▸ **Task instructions**
Before you reproduce the entries that follow, strip out any image they contain and keep the rest exact.
• • • • •
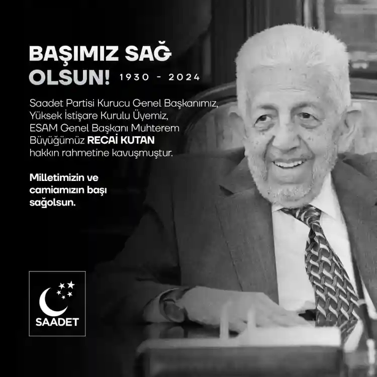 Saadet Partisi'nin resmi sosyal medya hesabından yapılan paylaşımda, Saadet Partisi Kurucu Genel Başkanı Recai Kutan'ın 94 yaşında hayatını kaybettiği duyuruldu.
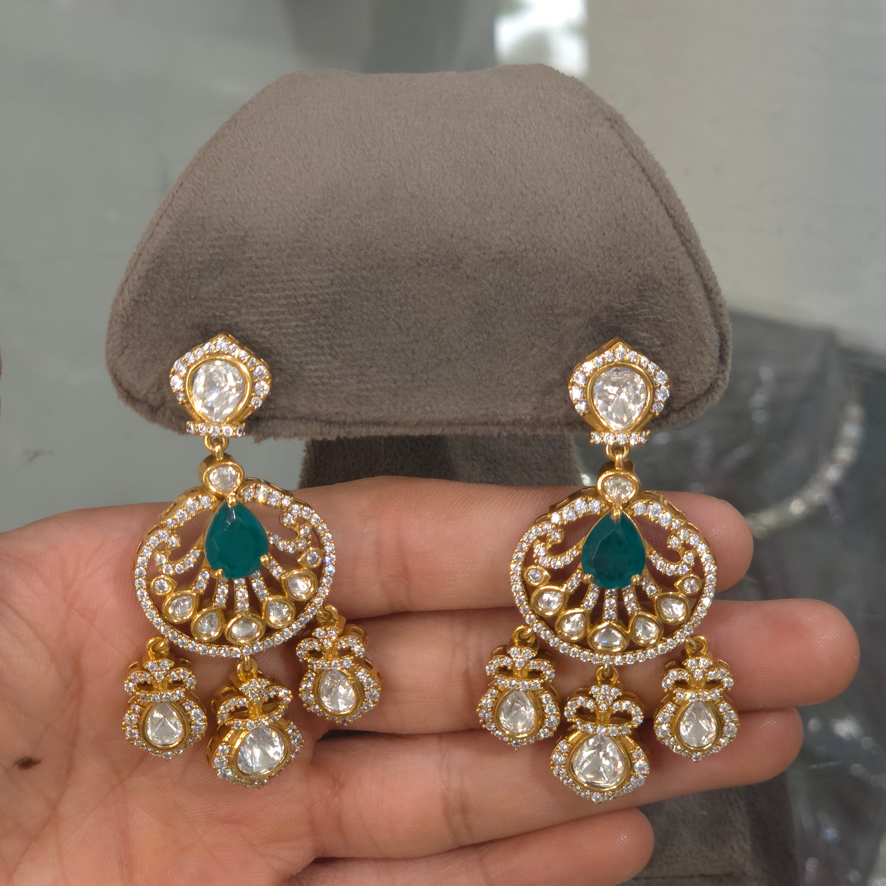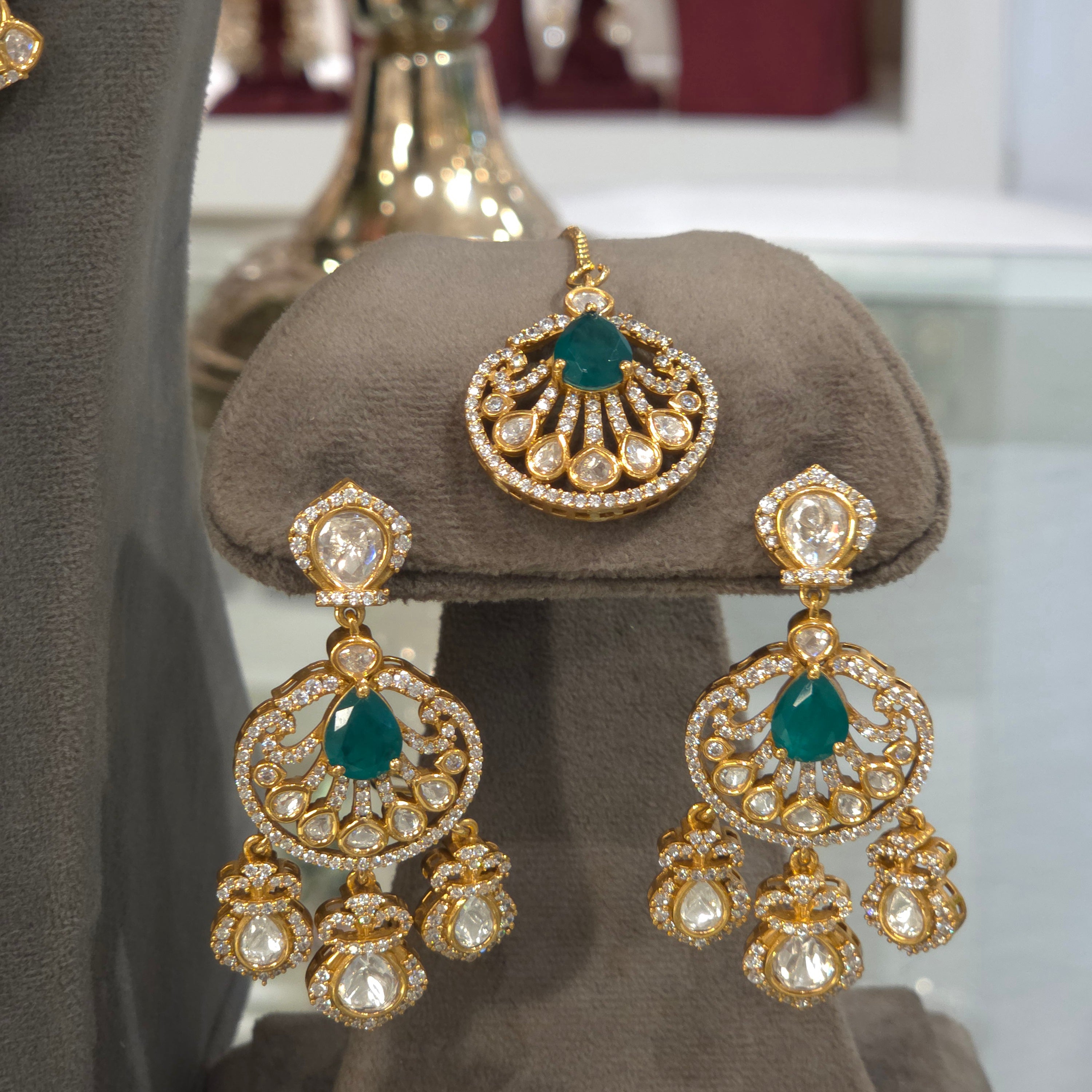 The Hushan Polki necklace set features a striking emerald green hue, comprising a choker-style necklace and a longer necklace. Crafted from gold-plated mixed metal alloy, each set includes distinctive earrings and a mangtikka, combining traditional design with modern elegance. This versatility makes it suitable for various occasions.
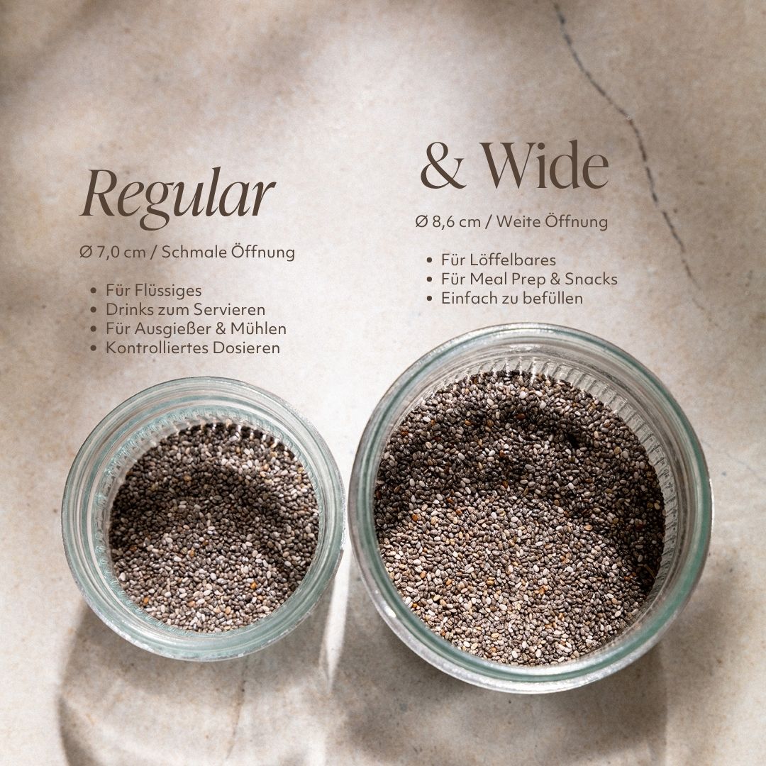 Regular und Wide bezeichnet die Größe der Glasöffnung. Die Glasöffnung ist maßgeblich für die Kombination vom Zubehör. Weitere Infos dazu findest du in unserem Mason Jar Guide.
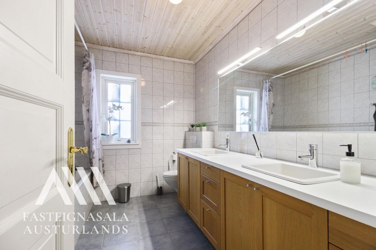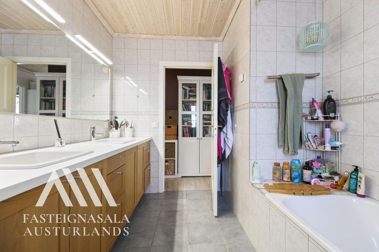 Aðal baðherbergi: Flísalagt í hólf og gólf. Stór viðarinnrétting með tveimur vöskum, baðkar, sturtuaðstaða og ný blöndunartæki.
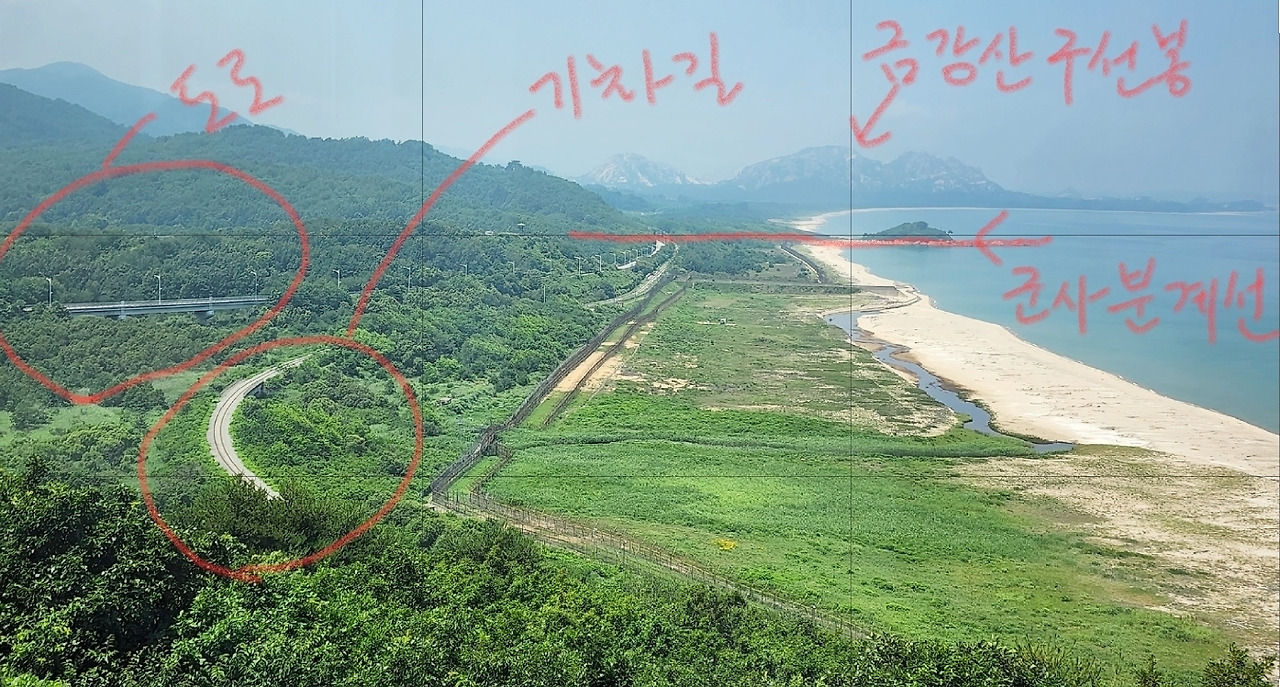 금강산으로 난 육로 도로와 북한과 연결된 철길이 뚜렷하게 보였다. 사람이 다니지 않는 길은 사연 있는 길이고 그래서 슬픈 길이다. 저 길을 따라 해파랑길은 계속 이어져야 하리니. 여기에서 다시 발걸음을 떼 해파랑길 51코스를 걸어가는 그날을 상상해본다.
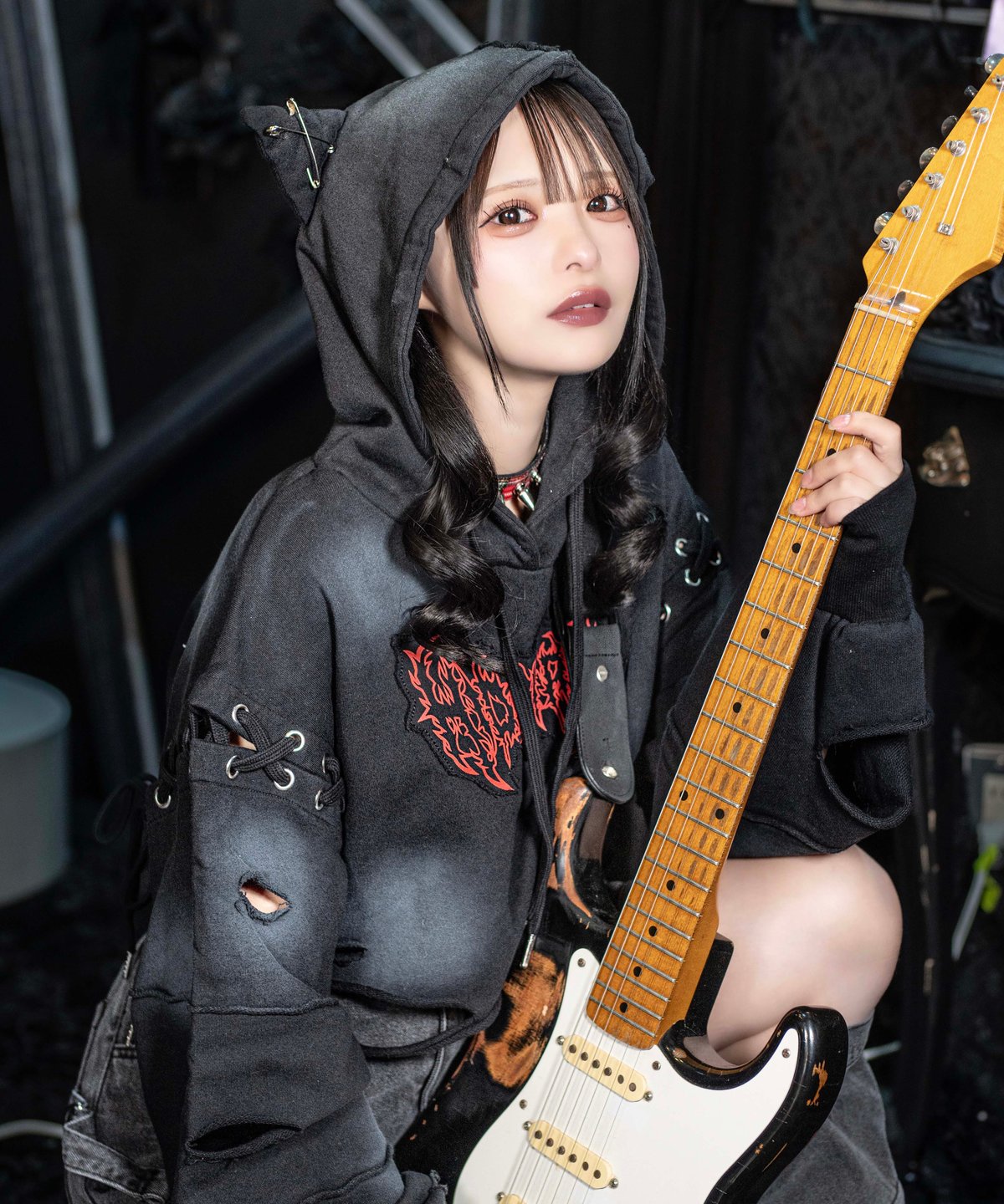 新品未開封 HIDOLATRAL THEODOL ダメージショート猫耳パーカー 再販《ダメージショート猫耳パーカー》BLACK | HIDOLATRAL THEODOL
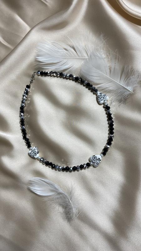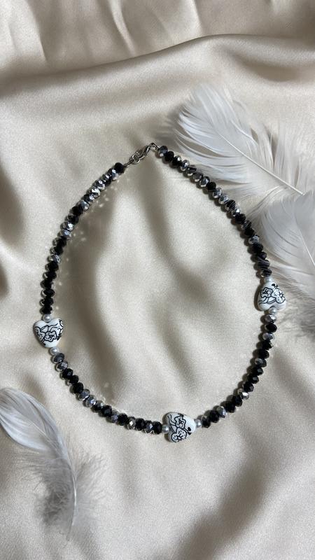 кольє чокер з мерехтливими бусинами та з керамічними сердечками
• • • • •
▸ **Result of the task**
 Saadet Partisi'nin resmi sosyal medya hesabından yapılan paylaşımda, Saadet Partisi Kurucu Genel Başkanı Recai Kutan'ın 94 yaşında hayatını kaybettiği duyuruldu.
 The Hushan Polki necklace set features a striking emerald green hue, comprising a choker-style necklace and a longer necklace. Crafted from gold-plated mixed metal alloy, each set includes distinctive earrings and a mangtikka, combining traditional design with modern elegance. This versatility makes it suitable for various occasions.
 Regular und Wide bezeichnet die Größe der Glasöffnung. Die Glasöffnung ist maßgeblich für die Kombination vom Zubehör. Weitere Infos dazu findest du in unserem Mason Jar Guide.
 Aðal baðherbergi: Flísalagt í hólf og gólf. Stór viðarinnrétting með tveimur vöskum, baðkar, sturtuaðstaða og ný blöndunartæki.
 금강산으로 난 육로 도로와 북한과 연결된 철길이 뚜렷하게 보였다. 사람이 다니지 않는 길은 사연 있는 길이고 그래서 슬픈 길이다. 저 길을 따라 해파랑길은 계속 이어져야 하리니. 여기에서 다시 발걸음을 떼 해파랑길 51코스를 걸어가는 그날을 상상해본다.
 新品未開封 HIDOLATRAL THEODOL ダメージショート猫耳パーカー 再販《ダメージショート猫耳パーカー》BLACK | HIDOLATRAL THEODOL
 кольє чокер з мерехтливими бусинами та з керамічними сердечками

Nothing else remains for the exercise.